Directions for this task —
Find the line below with "Dirigiti alla galleria: devi" and the line with "TIMEXでは新たにこのトノ". Output them and the lines between, exactly, but not the pictures.

Extracted entries —

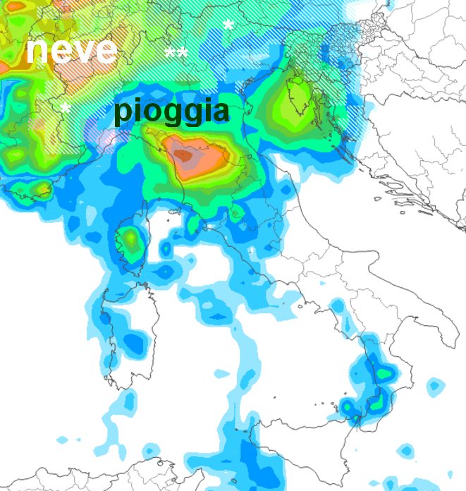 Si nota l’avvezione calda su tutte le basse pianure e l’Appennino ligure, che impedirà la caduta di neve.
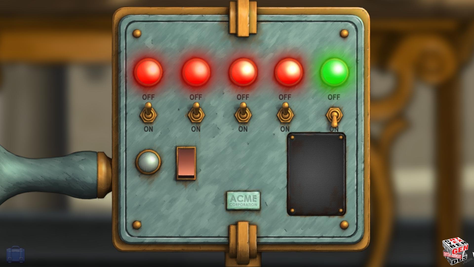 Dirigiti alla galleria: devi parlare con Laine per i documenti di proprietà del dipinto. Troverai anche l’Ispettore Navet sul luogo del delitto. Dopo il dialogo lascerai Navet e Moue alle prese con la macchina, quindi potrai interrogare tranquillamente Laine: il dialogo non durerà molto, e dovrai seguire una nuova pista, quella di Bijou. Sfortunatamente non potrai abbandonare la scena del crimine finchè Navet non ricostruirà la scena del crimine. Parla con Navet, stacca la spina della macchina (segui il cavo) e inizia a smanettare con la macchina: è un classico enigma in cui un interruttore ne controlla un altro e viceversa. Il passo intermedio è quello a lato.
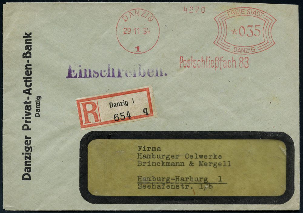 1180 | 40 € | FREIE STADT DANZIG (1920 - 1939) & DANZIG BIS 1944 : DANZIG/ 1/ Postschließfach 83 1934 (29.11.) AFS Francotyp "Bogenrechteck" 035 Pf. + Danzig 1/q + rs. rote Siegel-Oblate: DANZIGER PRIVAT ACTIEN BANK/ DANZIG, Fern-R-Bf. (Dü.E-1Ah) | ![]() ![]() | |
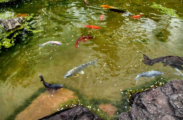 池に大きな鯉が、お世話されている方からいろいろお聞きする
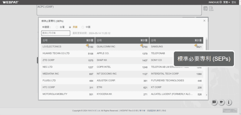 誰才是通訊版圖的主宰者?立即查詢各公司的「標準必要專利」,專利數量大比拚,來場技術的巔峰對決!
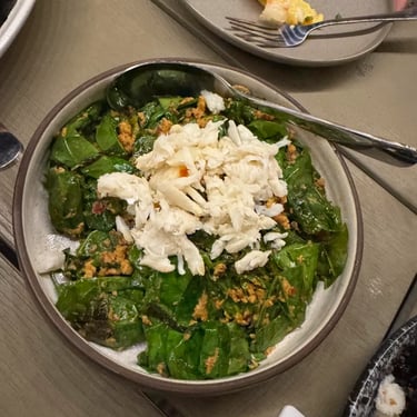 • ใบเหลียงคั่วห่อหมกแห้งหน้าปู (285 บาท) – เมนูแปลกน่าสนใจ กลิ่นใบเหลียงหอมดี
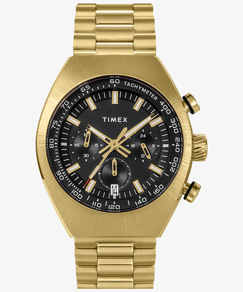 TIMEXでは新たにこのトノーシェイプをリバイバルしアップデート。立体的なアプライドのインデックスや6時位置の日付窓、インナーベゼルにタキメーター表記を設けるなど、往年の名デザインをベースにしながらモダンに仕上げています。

==

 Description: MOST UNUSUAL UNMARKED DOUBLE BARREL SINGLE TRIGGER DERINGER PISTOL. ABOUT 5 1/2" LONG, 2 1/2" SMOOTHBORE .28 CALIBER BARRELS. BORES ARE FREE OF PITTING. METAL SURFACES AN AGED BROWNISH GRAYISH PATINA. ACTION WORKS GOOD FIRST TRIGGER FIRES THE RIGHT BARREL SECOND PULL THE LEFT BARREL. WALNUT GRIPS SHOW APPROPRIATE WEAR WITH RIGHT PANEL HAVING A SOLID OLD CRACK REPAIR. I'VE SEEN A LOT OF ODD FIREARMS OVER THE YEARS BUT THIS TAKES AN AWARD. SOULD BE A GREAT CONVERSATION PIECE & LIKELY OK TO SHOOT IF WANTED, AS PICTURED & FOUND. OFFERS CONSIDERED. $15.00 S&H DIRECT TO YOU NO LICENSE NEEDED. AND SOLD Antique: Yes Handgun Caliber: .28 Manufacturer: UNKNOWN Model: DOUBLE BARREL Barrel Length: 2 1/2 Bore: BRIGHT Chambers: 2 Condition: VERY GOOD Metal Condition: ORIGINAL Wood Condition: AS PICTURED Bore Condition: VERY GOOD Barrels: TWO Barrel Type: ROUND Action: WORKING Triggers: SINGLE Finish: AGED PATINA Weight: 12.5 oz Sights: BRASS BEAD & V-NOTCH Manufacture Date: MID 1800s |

---

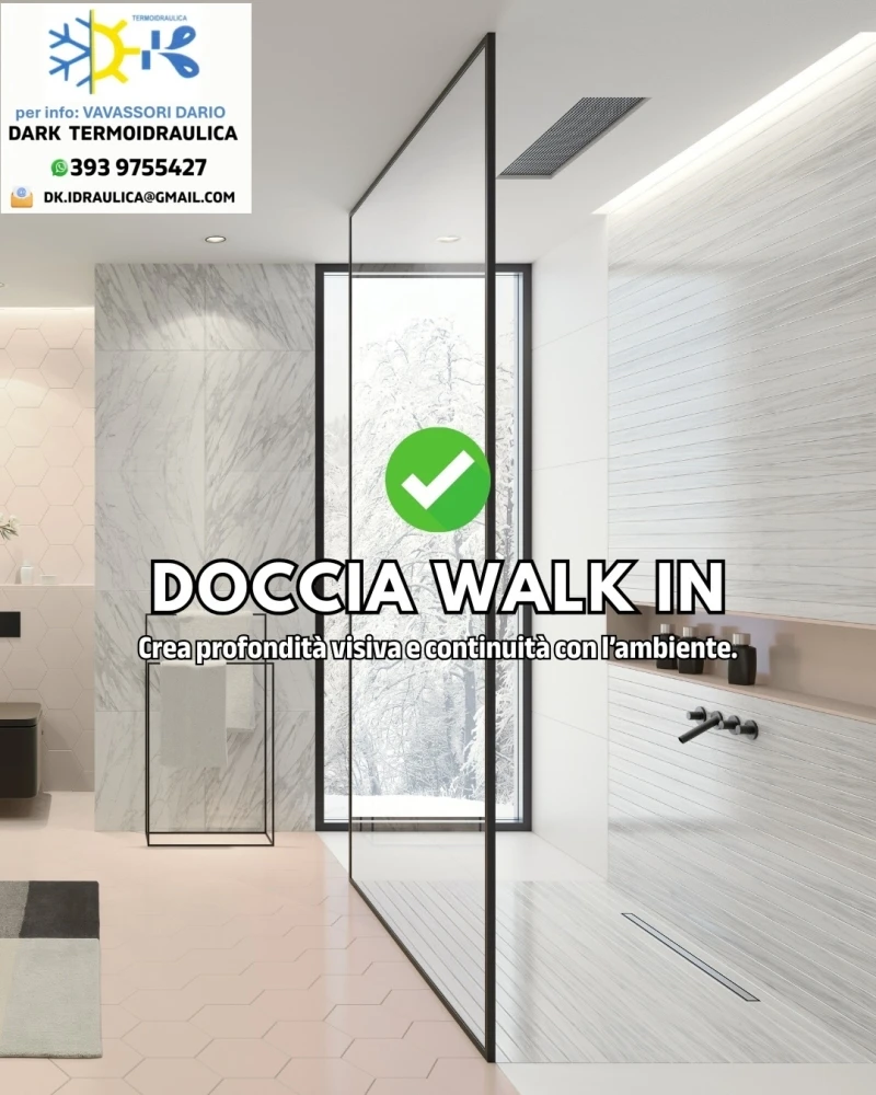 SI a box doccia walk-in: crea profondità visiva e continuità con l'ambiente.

Solution —
 Dirigiti alla galleria: devi parlare con Laine per i documenti di proprietà del dipinto. Troverai anche l’Ispettore Navet sul luogo del delitto. Dopo il dialogo lascerai Navet e Moue alle prese con la macchina, quindi potrai interrogare tranquillamente Laine: il dialogo non durerà molto, e dovrai seguire una nuova pista, quella di Bijou. Sfortunatamente non potrai abbandonare la scena del crimine finchè Navet non ricostruirà la scena del crimine. Parla con Navet, stacca la spina della macchina (segui il cavo) e inizia a smanettare con la macchina: è un classico enigma in cui un interruttore ne controlla un altro e viceversa. Il passo intermedio è quello a lato.
 1180 | 40 € | FREIE STADT DANZIG (1920 - 1939) & DANZIG BIS 1944 : DANZIG/ 1/ Postschließfach 83 1934 (29.11.) AFS Francotyp "Bogenrechteck" 035 Pf. + Danzig 1/q + rs. rote Siegel-Oblate: DANZIGER PRIVAT ACTIEN BANK/ DANZIG, Fern-R-Bf. (Dü.E-1Ah) | ![]() ![]() | |
 池に大きな鯉が、お世話されている方からいろいろお聞きする
 誰才是通訊版圖的主宰者?立即查詢各公司的「標準必要專利」,專利數量大比拚,來場技術的巔峰對決!
 • ใบเหลียงคั่วห่อหมกแห้งหน้าปู (285 บาท) – เมนูแปลกน่าสนใจ กลิ่นใบเหลียงหอมดี
 TIMEXでは新たにこのトノーシェイプをリバイバルしアップデート。立体的なアプライドのインデックスや6時位置の日付窓、インナーベゼルにタキメーター表記を設けるなど、往年の名デザインをベースにしながらモダンに仕上げています。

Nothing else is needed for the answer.